We hold that the compelled disclosure of privileged material to the Executive during execution of the search warrant for Rayburn House Office Building Room 2113 violated the
Speech or Debate Clause and that the Congressman is entitled to the return of documents that the court determines to be privileged under the Clause. We do not, however, hold, in the absence of a claim by the Congressman that the operations of his office have been disrupted as a result of not having the original versions of the non-privileged documents, that remedying the violation also requires the return of the non-privileged
documents.

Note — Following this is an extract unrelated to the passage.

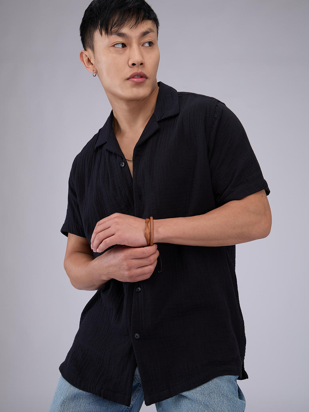 Timeless Black Double Cloth Crinkled Shirt

The Congressman has suggested no other reason why return of such documents is required pursuant to Rule 41(g) and, in any event, it is doubtful that the court has jurisdiction to entertain such arguments following the return of the indictment
against him while this appeal was pending.
Judge Henderson filed a separate opinion concurring in the judgment, which begins:
When all of the brush is cleared away, this case presents a simple question: can Executive Branch personnel—here, special agents of the Federal Bureau of Investigation—execute a search warrant directed to the congressional office of a Member of the Congress (Member) without doing violence to the Speech or Debate Clause (Clause) set forth in Article I, Section 6, Clause 1 of the United States Constitution? The limited United States Supreme Court precedent regarding the applicability of the Clause in the criminal context makes one thing clear—the
Clause “does not purport to confer a general exemption upon Members of Congress from liability or process in criminal cases. Quite the contrary is true.” Gravel v. United States, 408 U.S. 606, 626 (1972) (emphasis added). It appears that neither the Supreme Court nor any inferior court has addressed the question as I view it and the single holding from our court on which the majority almost exclusively relies to answer the
question in the negative decides only the Clause’s applicability to a civil subpoena obtained by private parties who sought certain files in the possession of a congressional subcommittee. . . . I believe the question can be directly answered “yes” without resort to dicta or any other indirect support or theory. Accordingly, while I concur in the judgment which affirms the district court’s denial of Representative William J. Jefferson’s (Rep. Jefferson) Rule 41(g) motion, I do not agree with the majority’s reasoning and distance myself from much of its dicta.
I hope to have more on this decision later today.